EmpaToM trial sequence. In each trial, the participant is presented with an autobiographical narration that could vary on two dimensions (emotionality of the video: neutral vs. emotionally negative; ToM requirement: videos with and without ToM demand). After each video, participants rated their own affect (valence rating) and their compassion for the person in the video. This is followed by, a question either requiring mental state inference (for videos with ToM demand) or factual reasoning (for videos without ToM demand), and a prosociality rating (adapted from Kanske et al.33). Note that the exemplary images depicted in this figure are not based on the original video stimuli used in the EmpaToM task but, due to license restrictions, have been replaced with re-staged images showing (a meanwhile much younger version of) one of the authors.

Data analysis

Data analysis was carried out using MATLAB (MathWorks, Inc., Natick, Massachusetts, United States) and R55. Graphs depicting density plots were prepared using raincloud plots56. Data and analysis code for this study can be found on the Open Science Framework (https://osf.io/tu2gj/?view_only=f285308c035d451ca2fce5f3788f97e3).

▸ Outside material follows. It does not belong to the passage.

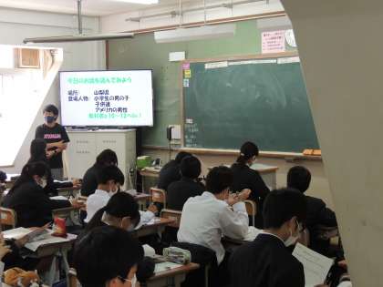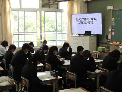 本日6日(金)4限に全学年で,今年度3回目の「道徳」の授業がありました。1年生は,B(7)礼儀「あいさつを交わして」で授業を行いました。本校のあたりまえ10ケ条1番「あいさつは,先にする」ことについて導入で触れながら本題へと入っていきました。これからも1時間1時間,道徳の授業を大切にしてほしいと思います。

Empathy and prosocial decisions

In order to replicate previous findings on prosociality following an empathy induction, we conducted a paired t-test of prosocial decisions between the neutral and emotional video condition that have been shown to differ strongly in ratings of empathic affect sharing34. As the paired differences were not normally distributed, we additionally calculated a nonparametric Wilcoxon signed-rank test. To investigate effects of interindividual differences, we conducted Spearman correlations between participant-wise mean valence- and prosociality ratings for the two video conditions (negatively emotional vs. neutral), respectively. Moreover, to test for a correlation of valence- and prosociality ratings on an intraindividual level, we calculated a Spearman correlation between the valence- and prosociality ratings for every participant and conducted a Wilcoxon signed-rank test against zero.

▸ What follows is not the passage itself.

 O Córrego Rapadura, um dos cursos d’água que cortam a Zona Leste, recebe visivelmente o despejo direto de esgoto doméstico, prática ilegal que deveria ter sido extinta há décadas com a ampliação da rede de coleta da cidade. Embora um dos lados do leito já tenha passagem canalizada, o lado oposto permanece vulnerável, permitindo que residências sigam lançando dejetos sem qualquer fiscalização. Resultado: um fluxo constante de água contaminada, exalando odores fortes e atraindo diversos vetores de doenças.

Mentalizing and prosocial decisions

In order to investigate our hypothesis that correct mental state inferences support an increase in prosociality, we conducted a repeated measures ANOVA of the prosocial decisions with the two within-subjects factors accuracy (correctly vs. incorrectly answered question) and question type (mentalizing vs. factual reasoning). We expected a two-way interaction in such a way that prosocial decisions are increased after correct mental state inferences as compared to incorrect inferences while such a difference is absent in factual reasoning. As ANOVA assumptions were violated (normality of residuals and homogeneity of variances), we conducted a robust linear mixed-effects model to corroborate our ANOVA findings. The mixed-effects model included random intercepts, fixed effects predictors factors (question type: mentalizing vs. factual reasoning; accuracy: correctly vs. incorrectly answered question) and their interaction. To examine interindividual differences, we applied a Kendall correlation between person-wise mean accuracy- and prosociality ratings for the two question conditions (mentalizing vs. factual reasoning), respectively. We used a Kendall correlation because, compared to Spearman correlations, it can handle ties in ranks.